Nato come disciplina riservato agli uomini, ormai il karate è ampiamente praticato anche da molte ragazze. Ne abbiamo parlato con Marica La Placa, che ha respirato l’aria di karate fin nella culla: papà Michele infatti è il fondatore e presidente dello Shotokan Ryu Karate Laives ed è Maestro 5° Dan. Nata a Bolzano nel 1999, Marica può vantare una bella collezione di vittorie come karateka: nel 2012 si era già aggiudicata la coppa Italia; nel 2013 è stata vice campionessa italiana, campionessa del mondo e seconda al Grand Prix d’Italia. Ci racconta che, dopo un periodo di stop per motivi lavorativi, ora ha potuto riprendere a pieno ritmo con il karate a livello agonistico.

Vista la storia familiare, dedicarsi al karate era quasi in obbligo… come è nata in te la passione per questa disciplina? 
In realtà non mi hanno influenzata: prima di sceglierlo ho provato tanti altri sport, dalla pallavolo al pattinaggio, dalla danza classica all’arrampicata… solo che se ce l’hai nel sangue lo senti e non puoi che prendere questa strada. Mi ha spinto il gruppo – siamo molto uniti e per me è come una seconda famiglia: quando indosso il kimono mi sento a casa. E, certo mio padre ha saputo trasmettermi il suo amore per questa disciplina, gli si illuminano gli occhi ogni volta che parla di karate.

Quando hai iniziato?
A nove anni a Laives; abbiamo avuto vari cambi di palestra, ora ci alleniamo a Pineta, ma il gruppo è rimasto lo stesso, quello Shotokan Ryu Karate, nato oltre vent’anni fa, prima che io nascessi. Ho voluto provare con il mio gruppo di amiche di allora – loro col tempo se ne sono andate tutte, ma io sono rimasta.

Cosa ti dà il karate?
Sicurezza: per me è questo il karate, rispetto e sicurezza. E’ un percorso per migliorare il tuo io, che ti aiuta ad affrontare qualsiasi cosa. Praticandolo, ho imparato il rispetto per gli altri e per sé stessi.
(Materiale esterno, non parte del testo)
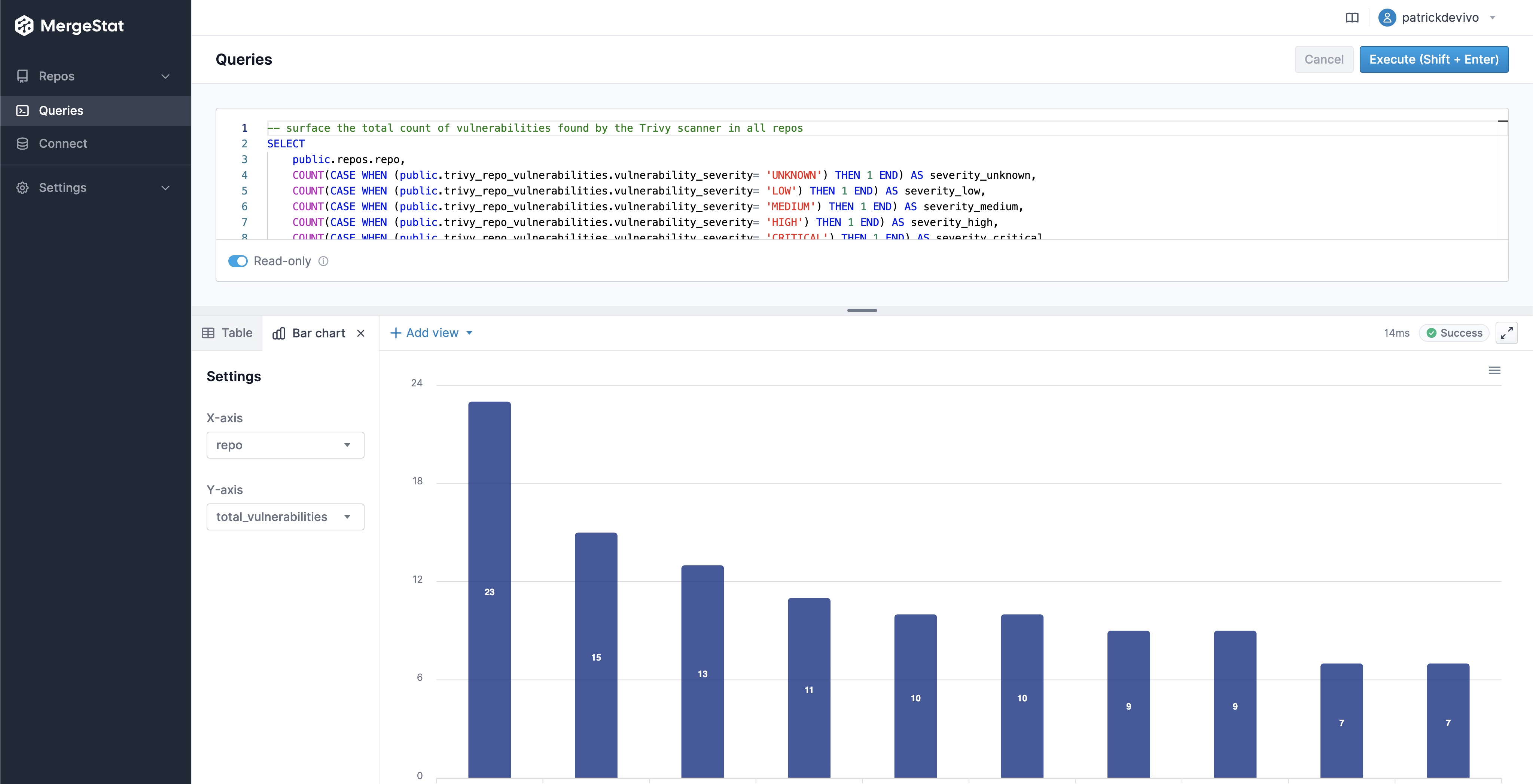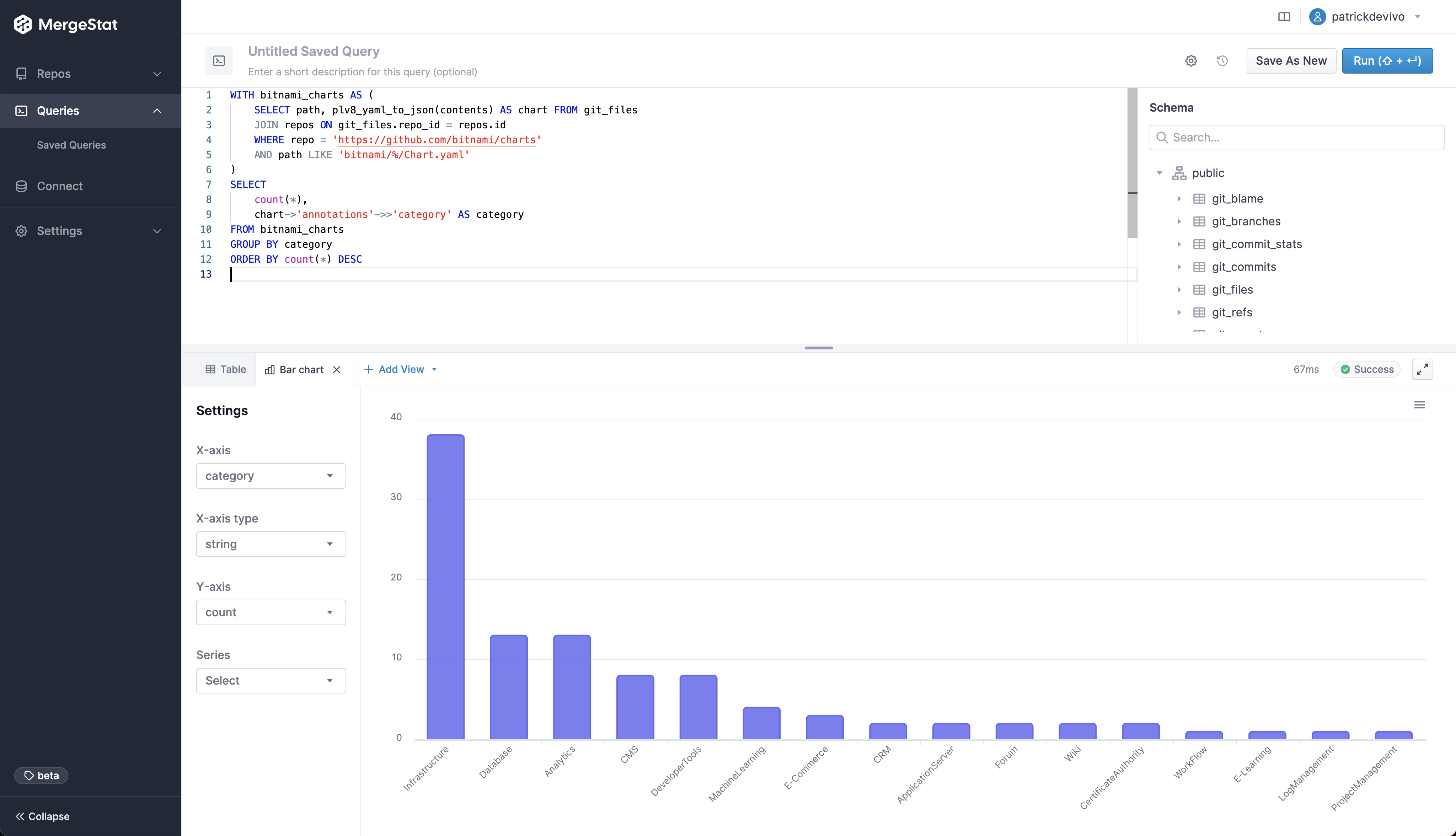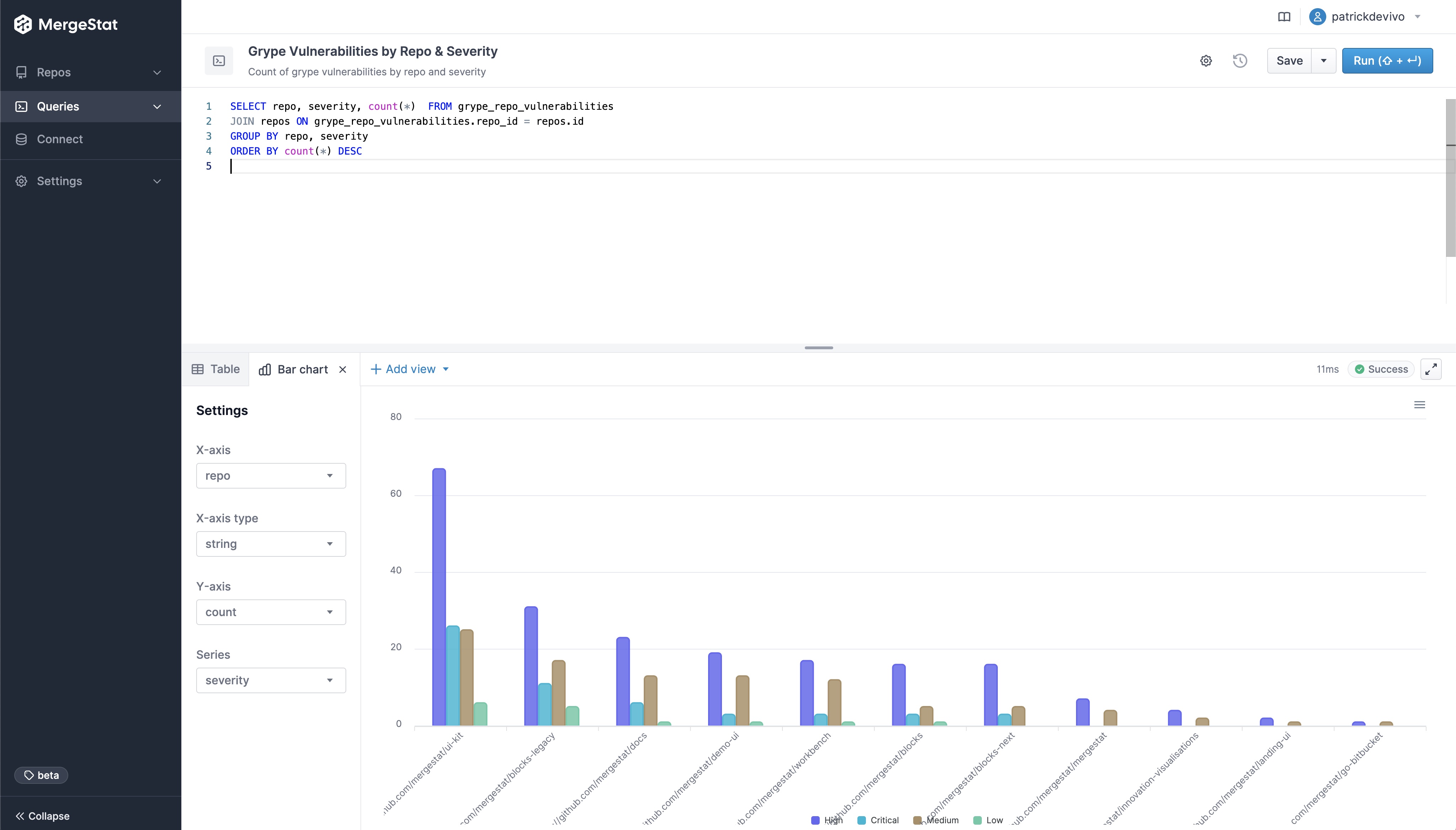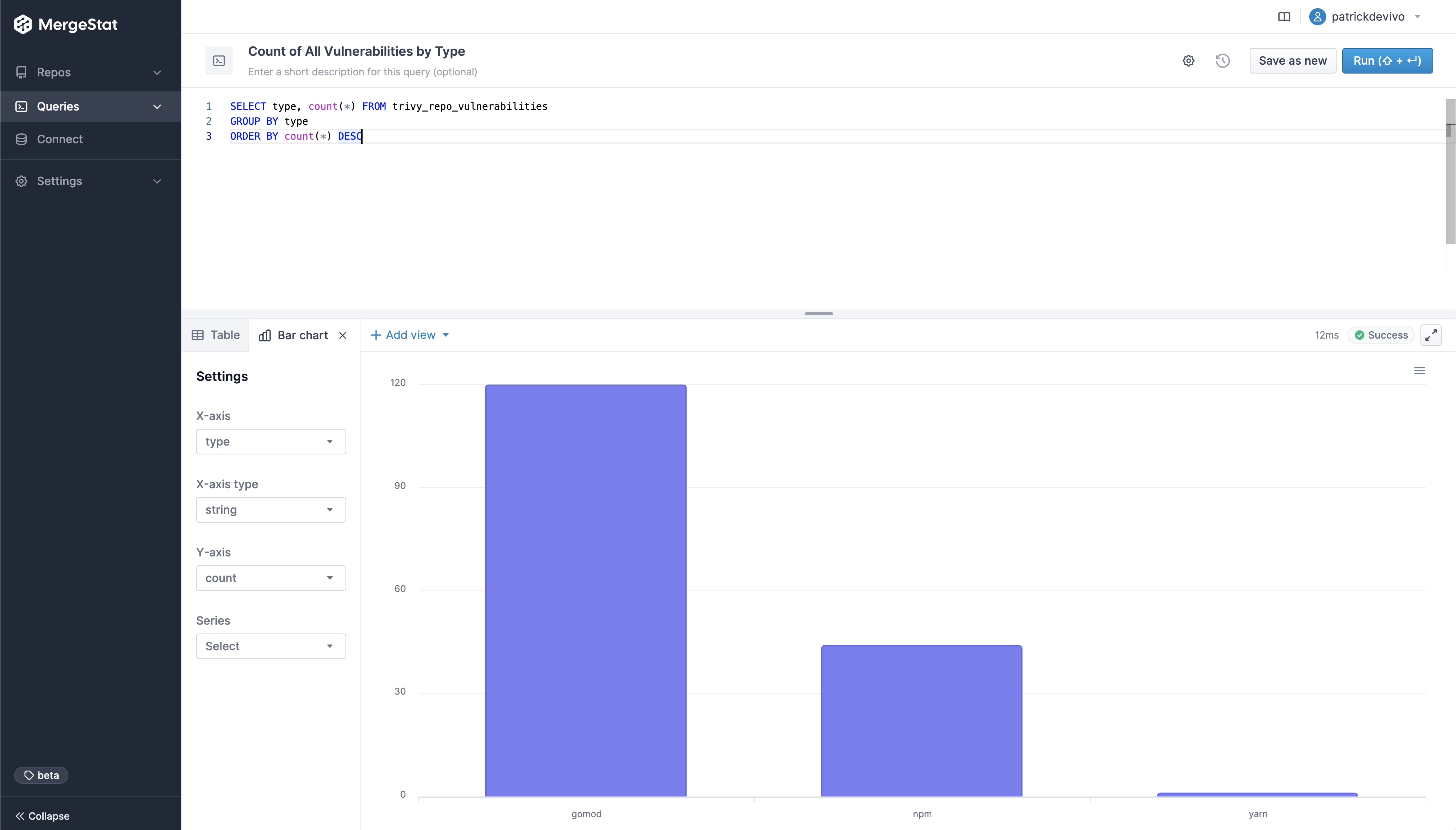 This has been one of the more frequently requested features from our early users, as it now means you don't have to bring in another BI tool (such as Grafana, Metabase, Superset, etc.) to visualize the data in your MergeStat instance. Support for direct SQL access is not going anywhere however, and nothing prevents more robust data visualizations in other tools.
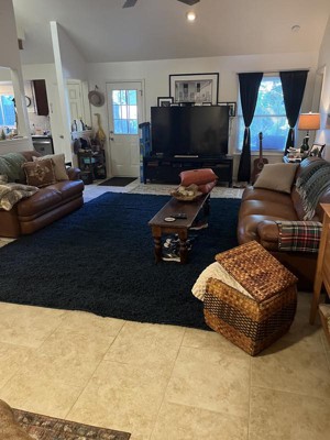 The rug arrived in new condition, well wrapped and looked just like the picture. This is a rich blue rug not as dark as navy, but on the way. It looks great against the walnut brown couches and is even fluffier after a vacuum!
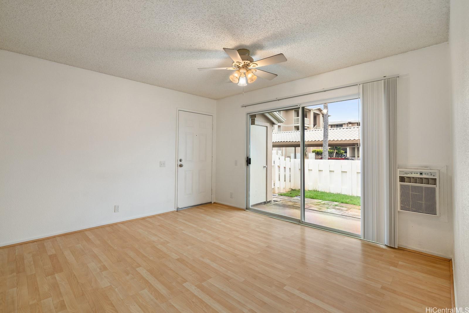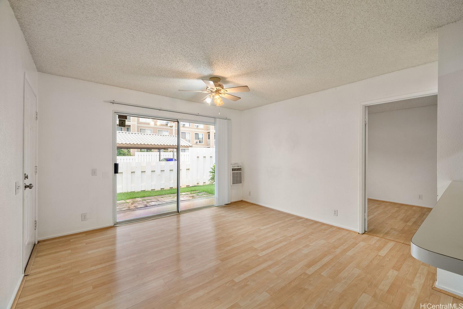 Welcome to Coronado in Ewa by Gentry! This well-maintained 1-bedroom, 1-bath residence features a private yard, providing additional outdoor space for a variety of uses. The single-level layout offers easy access with no interior or exterior stairs, along with an open living area that connects seamlessly to the outdoor space. The kitchen and living areas are designed for everyday functionality, and the bedroom is positioned for added separation and privacy. Additional features include in-unit laundry and assigned covered parking. Located in Ewa Beach with convenient access to shopping, dining, golf courses, and freeway connections. A great opportunity to own a property that offers private outdoor space and single-level living.
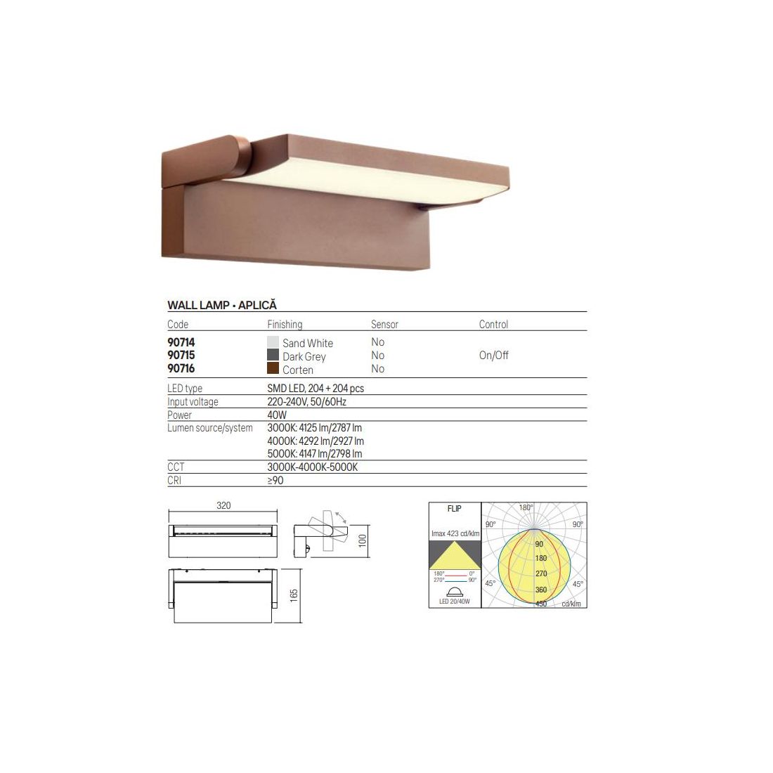 FLIP APPLIQUE ORIENTABILE DA ESTERNO IP54 LED 20W LUCE 3000K BIANCO,ANTRACITE E CORTEN

Hai avuto difficoltà come ragazza?
No, nessuna difficoltà per il fatto di essere donna perché il karate è rispetto in tutto, quindi anche della parità tra i sessi. A proposito, c’è una cosa che mi riempie di orgoglio.

Di pure…
Tempo fa con lo Shotokan Ryu Karate mio padre ha offerto corsi gratuiti di autodifesa per le donne ed è stato belle vederle arrivare piene di entusiasmo e migliorare, imparare a sapersi difendere, un tema molto attuale oggi.

Come è stato in questi anni di pandemia allenarsi?
Abbiamo ripreso ad ottobre scorso dopo un lungo stop e non è stato facile perché l’agonismo richiede molta costanza e sforzo fisico: potenza muscolare, fiato, velocità e soprattutto devi essere concentrata, devi “esserci con la testa”, come si dice. Per fortuna la voglia di ripartire era tantissima ed in pochi mesi abbiamo recuperato alla velocità della luce.

Prossime sfide in programma?
Sicuramente il campionato italiano che si terrà a Rimini nel maggio prossimo e il Grand Prix d’Italia  che si svolge a dicembre in provincia di Monza.

Cosa ami fare quando non fai karate?
Nel tempo che rimane tra il lavoro e gli allenamenti mi piace stare in famiglia, con il mio ragazzo e la nostra gattina, leggere e naturalmente viaggiare!